Abstract
Background: The phase 3 COMFORT trials demonstrated that the Janus kinase (JAK)1/JAK2 inhibitor RUX reduces spleen volume, prolongs overall survival (OS), and improves MF−related symptoms and measures of quality of life in patients with intermediate-2 or high-risk MF, compared with either placebo (COMFORT-I) or best available treatment (BAT; COMFORT-II). Many patients with MF are anemic or transfusion-dependent; the impact of these features on clinical outcomes is unknown. We evaluated the relationship between transfusion requirement and clinical outcomes in patients treated with RUX in the COMFORT studies.
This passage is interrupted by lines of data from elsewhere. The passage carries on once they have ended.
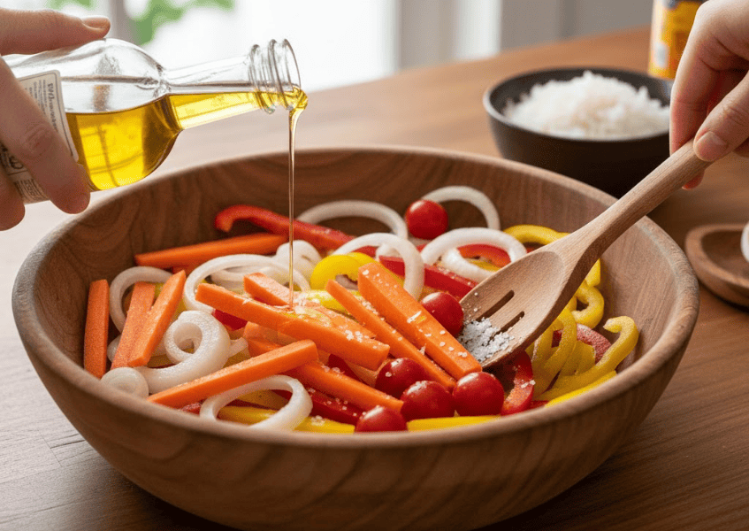 • Cà rốt (100 g), hành tây (50 g), ớt chuông (50 g), cà chua bi (50 g) trộn đều với một chút dầu ăn (5 ml) và muối (2 g).
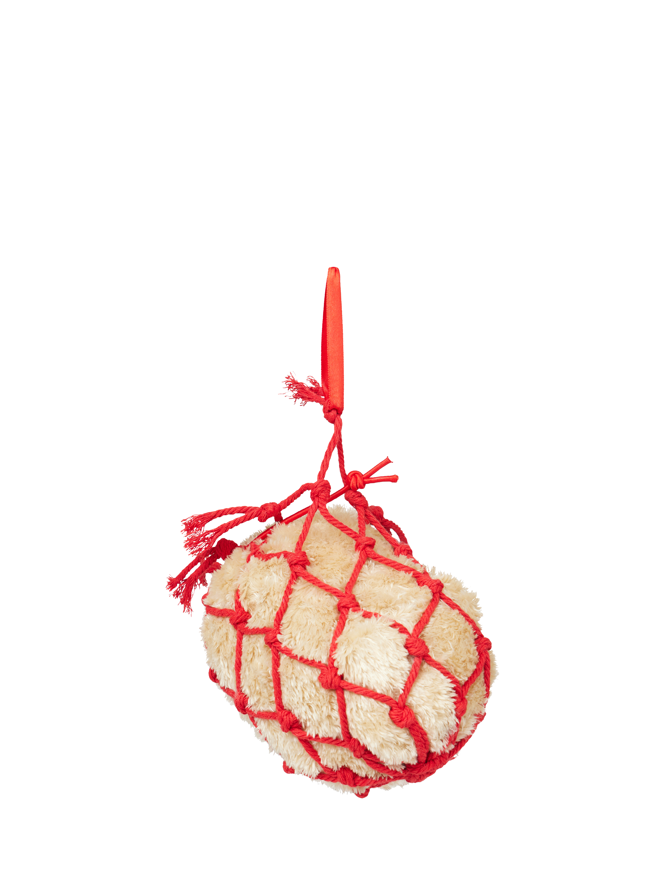 There's an elastic opening for filling the haynet with the fluffy hay bale, and a short hanging loop for safe feeding.
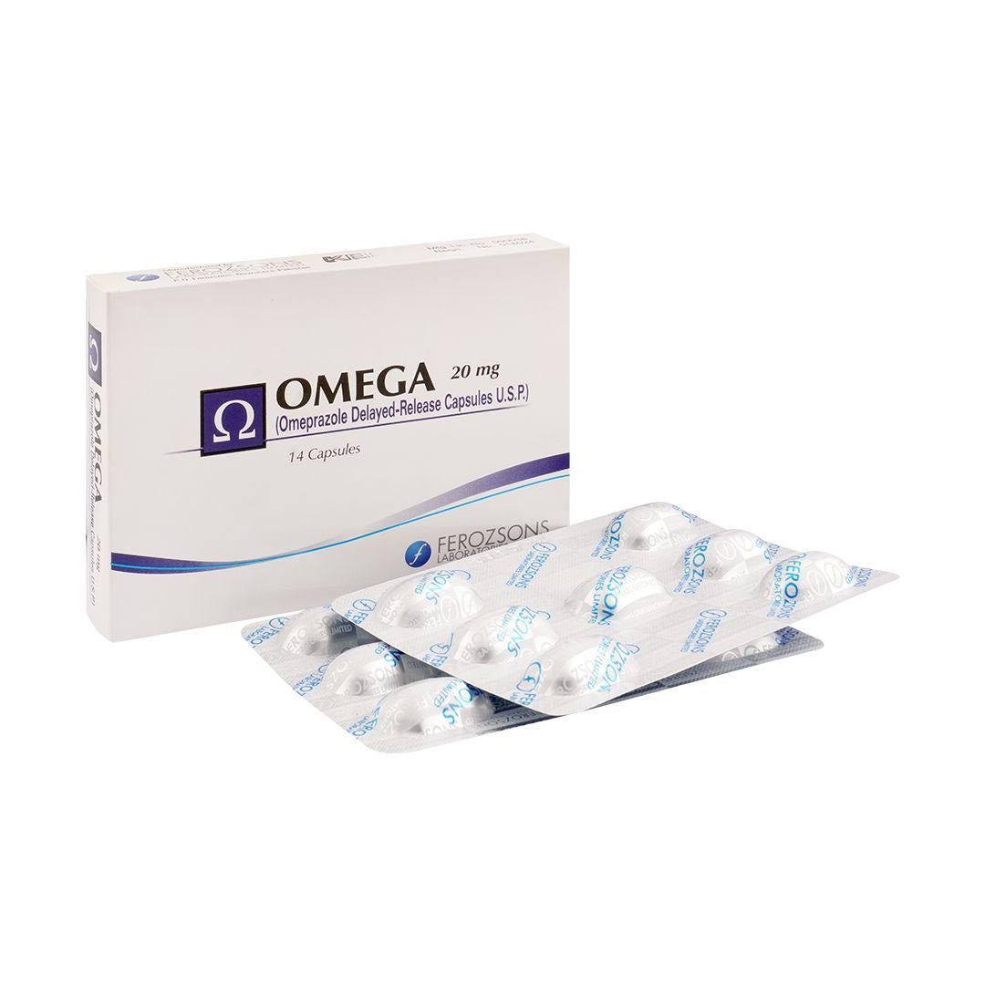 Omega capsule is used in treating heartburn and chest pain due to stomach acid reflux disease in which acidic content from the stomach comes up to food pipe and mouth. It is also used for the treatment of ulcers of the stomach, intestine and inflammation and erosion of food pipe due to stomach acid.
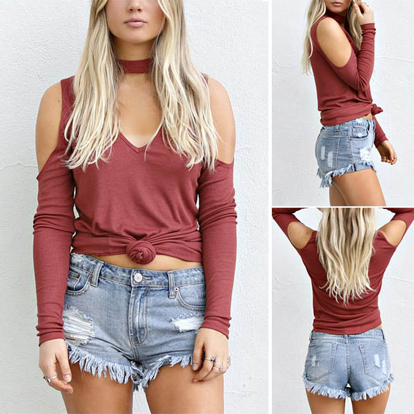 its soft and breathable fabric can give you an all-day comfort,while the off-shoulder and unique v-neck
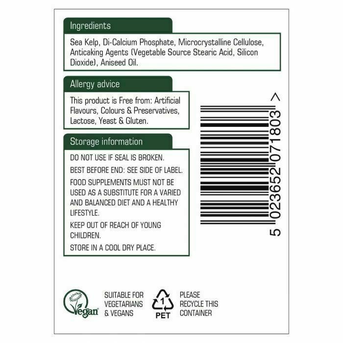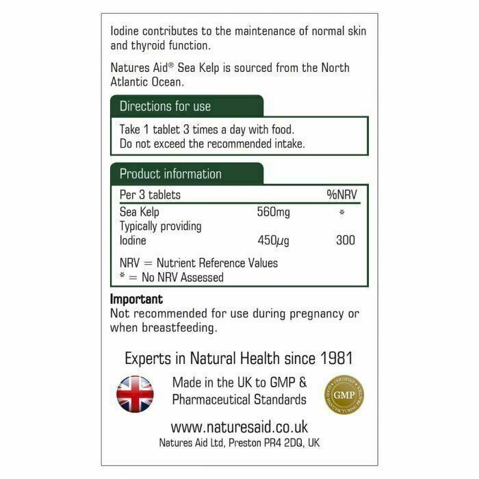 About this product Natures Aid Sea Kelp tablets are a fantastic source of Iodine – providing 450ug of Iodine per daily dose. This is equivalent to 300% NRV. Iodine is an important mineral element which has many beneficial effects, including: the maintenance of normal skin; and the maintenance of normal thyroid function. Natures Aid Sea Kelp is sourced from the North Atlantic Ocean. Product Information More InformationCategories Herbal (Botanicals), Beauty and Anti-Ageing, Metabolic Support and Vegan Status Hard Round Tablet Form Pack Size 10mm diameter round tablet Pack Size: 180 Dosage Instructions Take 1 tablet 3 times a day with food. Do not exceed the recommended intake. Age Restriction Suitable for all ages but it is advised to reduce dosage according to age and weight. Packaging 120ml Green PET bottle EFSA approved claims Iodine contributes to normal cognitive function Iodine contributes to normal energy-yielding metabolism Iodine contributes to the normal production of thyroid hormones and normal thyroid function
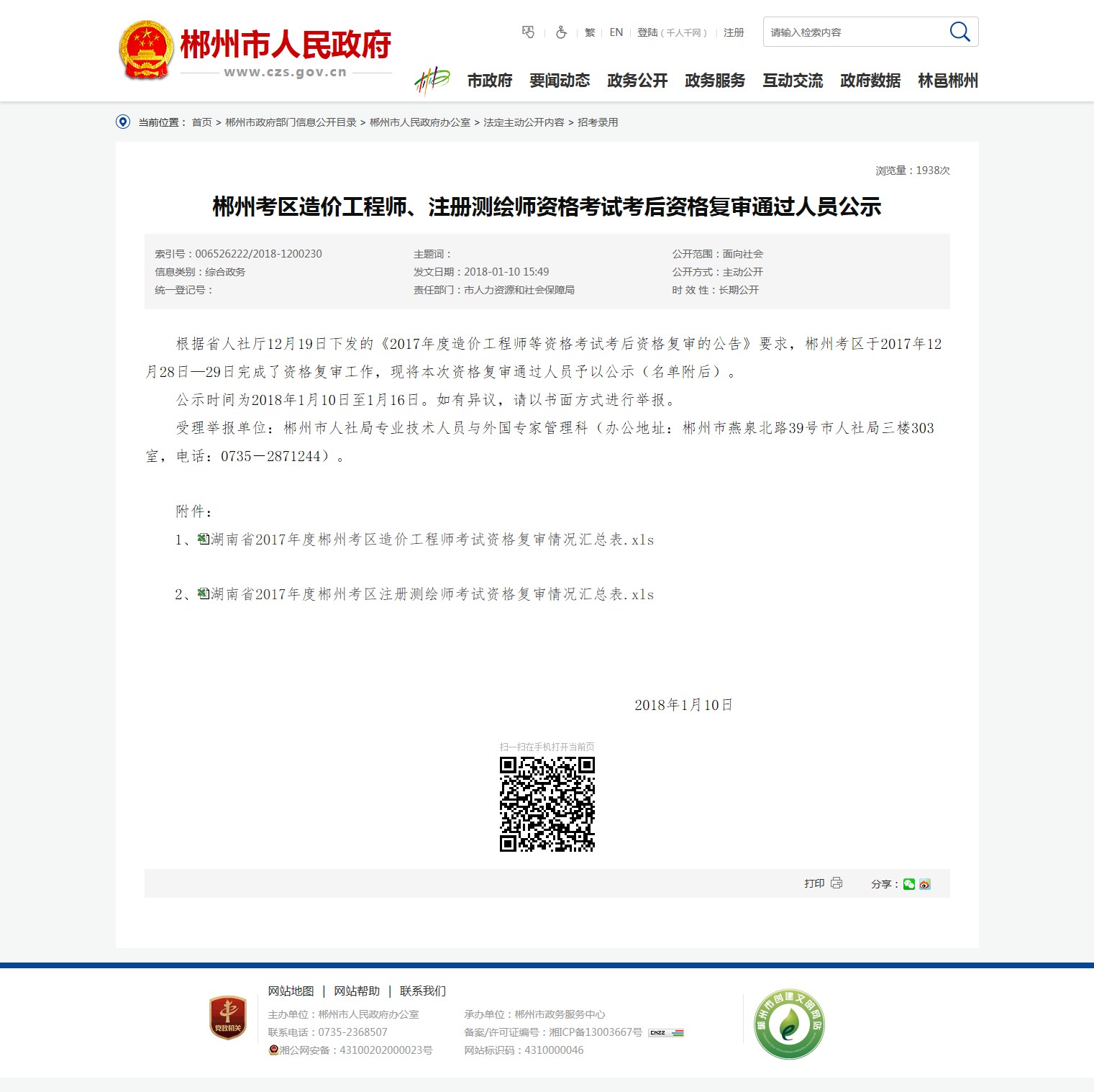 根据省人社厅12月19日下发的《2017年度造价工程师等资格考试考后资格复审的公告》要求,郴州考区于2017年12月28日—29日完成了资格复审工作,现将本次资格复审通过人员予以公示(名单附后)。
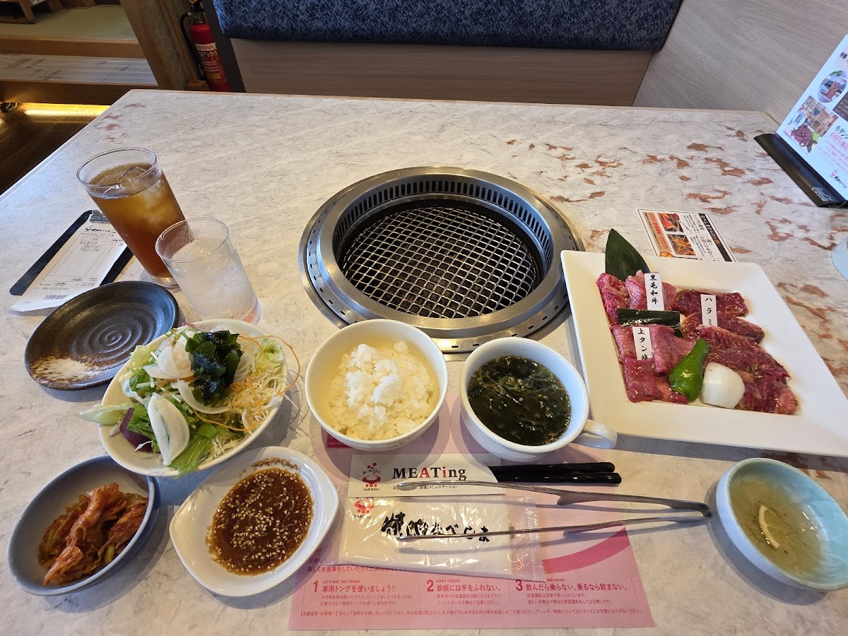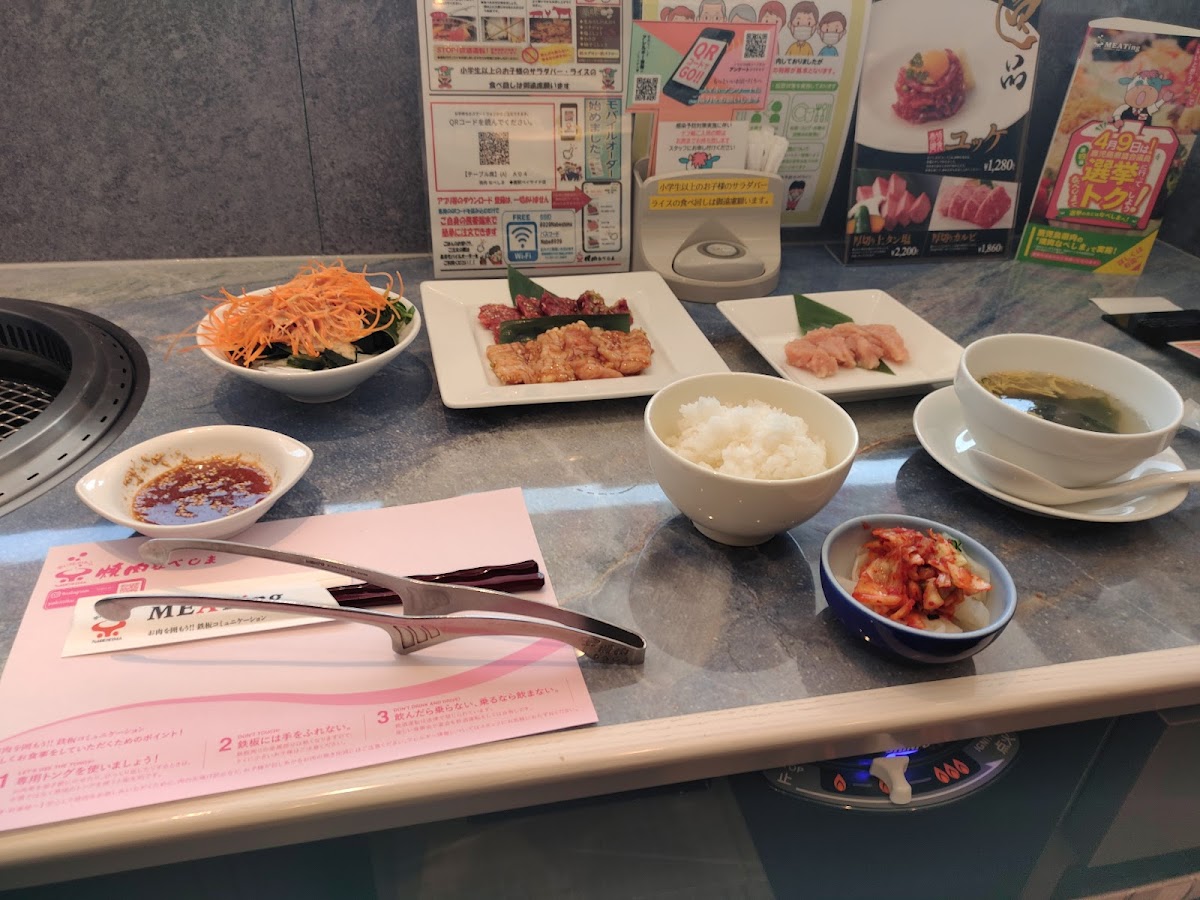 The menu is built around grilled meats done properly, and the lunch options are especially popular with locals. One standout is サガリランチにホルモンもう一品, which balances tender sagari beef with an extra serving of horumon that adds depth and richness to the meal. It feels generous and satisfying, perfect for anyone who wants variety without overthinking their order. The カルビ ランチメニュー is another reliable favorite, offering well-marbled short ribs that grill beautifully at the table, filling the space with an irresistible aroma.
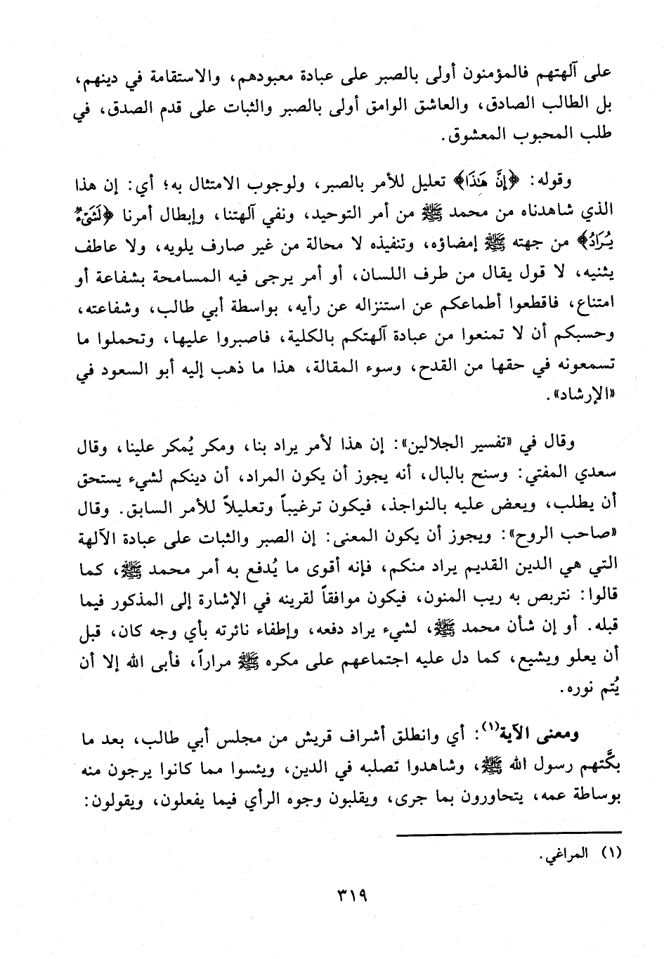 وقال في «تفسير الجلالين»: إن هذا لأمر يراد بنا، ومكر يمكر علينا، وقال سعدي المفتي: وسنح بالبال، أنه يجوز أن يكون المراد، أن دينكم لشيء يستحق أن يطلب، ويعض عليه بالنواجذ، فيكون ترغيبًا وتعليلًا للأمر السابق. وقال «صاحب الروح»: ويجوز أن يكون المعنى: إن الصبر والثبات على عبادة الآلهة التي هي الدين القديم يراد منكم، فإنه أقوى ما يدفع به أمر محمد - صلى الله عليه وسلم -، كما قالوا: نتربص به ريب المنون، فيكون موافقا لقرينه في الإشارة إلى المذكور فيما قبله. أو إن شأن محمد - صلى الله عليه وسلم -، لشيء يراد دفعه، وإطفاء نائرته بأي وجه كان، قبل أن يعلو ويشيع، كما دل عليه اجتماعهم على مكره - صلى الله عليه وسلم - مرارًا، فأبى الله إلا أن يتم نوره.
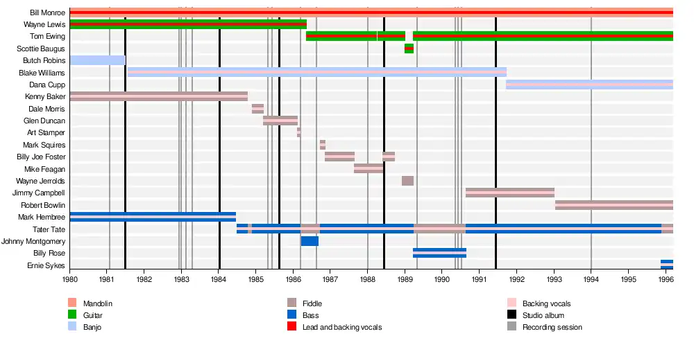 After the four sessions in March 1986, Tate switched back to fiddle while awaiting a permanent replacement, with former stand-in Johnny Montgomery returning as temporary bassist. When a new fiddler couldn't be found, however, Montgomery was made an official member of the BGB.[223] Wayne Lewis left in May 1986 after the longest tenure of any guitarist in the group, replaced by Tom Ewing.[223] The new lineup recorded the final track for their next album, Bluegrass '87, in August.[224] Montgomery left after a final appearance on September 6 to work on his dairy farm; after stand-in appearances by Kenny Jones, Roy Huskey Jr. and Forrest Rose, Tate switched back to bass at the end of the month when Mark Squires was hired as the band's new fiddler.[225] Squires lasted only until mid-November, when he was replaced by Billy Joe Foster.[226] The band's lineup remained stable until the following August, when Foster took a leave of absence and was replaced by Mike Feagan.[227] The new fiddler performed on Monroe's final album for MCA, Southern Flavor, which was recorded during January 1988. Along with Feagan, additional fiddles were performed by returning contributors Buddy Spicher and Bobby Hicks.[228]
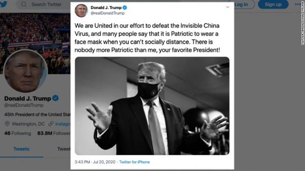 Ngày 20/7, Tổng thống Trump tiếp tục gây bất ngờ khi lên tiếng kêu gọi người dân đeo khẩu trang để pḥng chống dịch. Trên mạng Twitter, ông Trump viết: "Nhiều người nói rằng đeo khẩu trang khi không thể duy tŕ giăn cách xă hội là một hành động yêu nước. Chẳng có ai yêu nước như tôi, vị tổng thống ưa thích của các bạn."

Methods: Analyses of data pooled from COMFORT-I and -II were stratified by baseline anemia status (defined as receiving ≥2 units of red blood cells [RBCs] within the 12 weeks before baseline or baseline hemoglobin [Hb] <10 g/dL). Transfusion independence was defined as the absence of RBC transfusions and maintenance of Hb levels ≥8 g/dL for ≥12 weeks; transfusion dependence was defined as a requirement for ≥4 units of RBCs or Hb levels <8 g/dL during an 8-week interval (Gupta V, et al. JCO [ASCO Abstracts]. 2015;33[s15]:abstract TPS7102). Patients achieving transfusion independence during Weeks 13-24 were considered responders for independence by Week 24; those developing transfusion dependence during Weeks 17-24 were considered dependent by Week 24. Effects of transfusion status at Week 24 on MF Symptom Assessment Form total symptom scores (TSS), spleen volume, and body weight were assessed descriptively. The effect on OS was evaluated using the landmark approach (including patients completing ≥24 weeks of study treatment) with stratified log-rank tests for responder vs nonresponder comparisons. Times to first occurrence of transfusion independence and first occurrence of transfusion dependence in the ITT population (censored at last clinical visit), and time to discontinuation among patients in the RUX group who were anemic at baseline (censored at Week 240) were analyzed using the Kaplan-Meier method.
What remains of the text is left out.